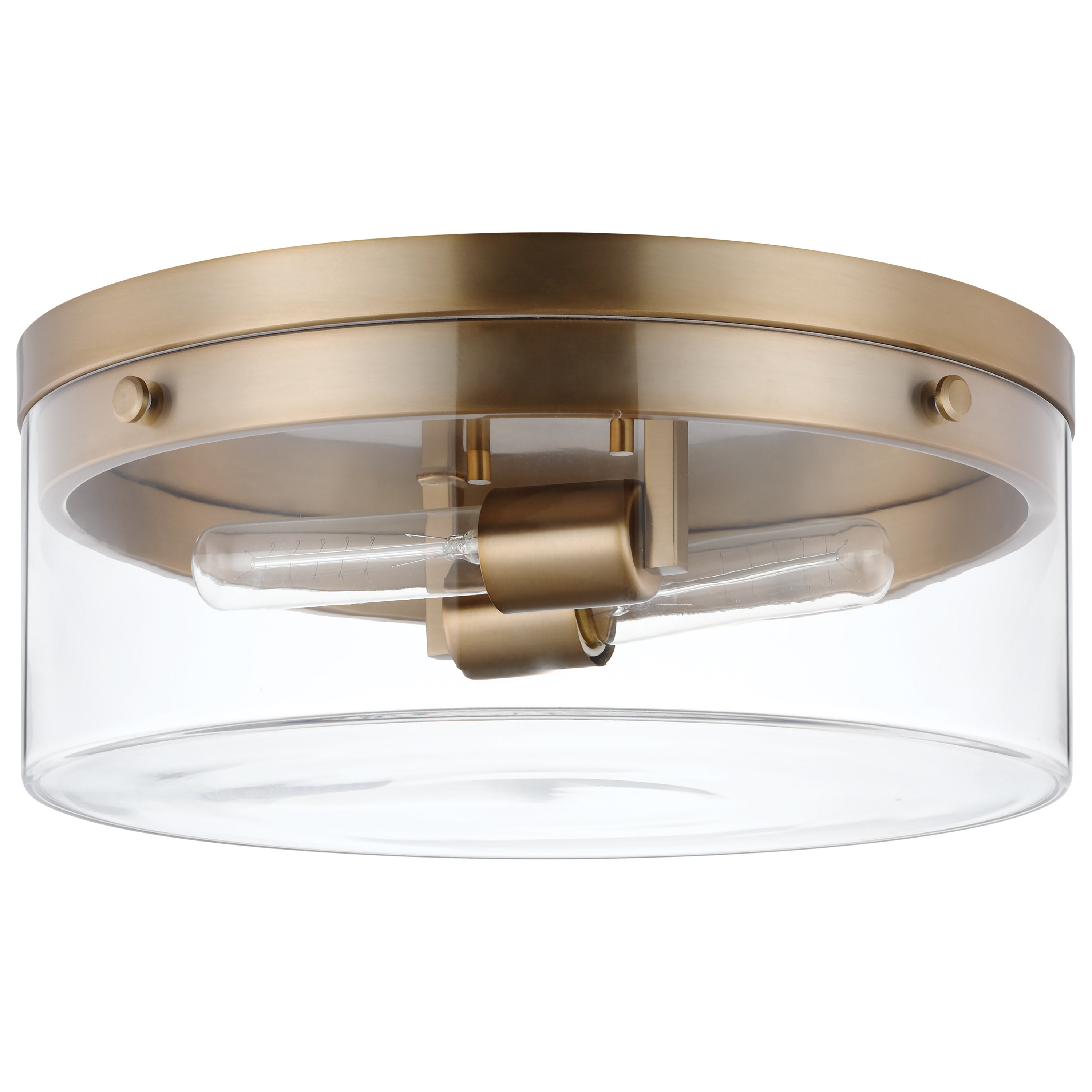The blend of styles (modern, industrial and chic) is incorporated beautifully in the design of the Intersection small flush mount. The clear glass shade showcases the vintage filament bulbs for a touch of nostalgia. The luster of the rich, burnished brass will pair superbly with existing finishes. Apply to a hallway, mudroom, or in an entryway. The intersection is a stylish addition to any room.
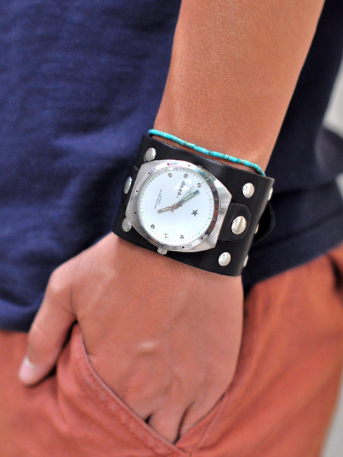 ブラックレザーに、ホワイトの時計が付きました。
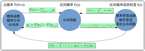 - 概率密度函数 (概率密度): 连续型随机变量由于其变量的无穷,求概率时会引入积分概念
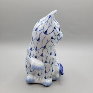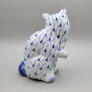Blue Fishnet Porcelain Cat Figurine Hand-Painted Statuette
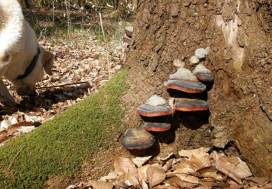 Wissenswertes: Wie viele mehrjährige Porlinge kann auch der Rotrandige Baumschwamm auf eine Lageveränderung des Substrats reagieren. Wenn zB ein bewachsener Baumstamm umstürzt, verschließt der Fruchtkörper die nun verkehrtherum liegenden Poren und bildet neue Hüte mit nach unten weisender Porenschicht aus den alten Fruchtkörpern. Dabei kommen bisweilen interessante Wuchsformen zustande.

==

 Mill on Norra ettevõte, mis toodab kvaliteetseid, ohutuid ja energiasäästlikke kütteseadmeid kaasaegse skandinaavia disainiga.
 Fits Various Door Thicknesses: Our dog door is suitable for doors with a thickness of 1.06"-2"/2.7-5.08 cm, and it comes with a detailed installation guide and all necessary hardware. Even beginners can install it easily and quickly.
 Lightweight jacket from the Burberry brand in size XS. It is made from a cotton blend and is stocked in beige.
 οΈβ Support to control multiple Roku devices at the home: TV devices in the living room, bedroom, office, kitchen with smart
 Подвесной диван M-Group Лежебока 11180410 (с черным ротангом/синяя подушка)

● **YOUR INSTRUCTIONS**
The reply should hold only the lines of the listing above starting at the line containing "Lightweight jacket from" and ending at the line containing "Подвесной диван M-Group", exactly as written.

● **RESPONSE AREA**
 Lightweight jacket from the Burberry brand in size XS. It is made from a cotton blend and is stocked in beige.
 οΈβ Support to control multiple Roku devices at the home: TV devices in the living room, bedroom, office, kitchen with smart
 Подвесной диван M-Group Лежебока 11180410 (с черным ротангом/синяя подушка)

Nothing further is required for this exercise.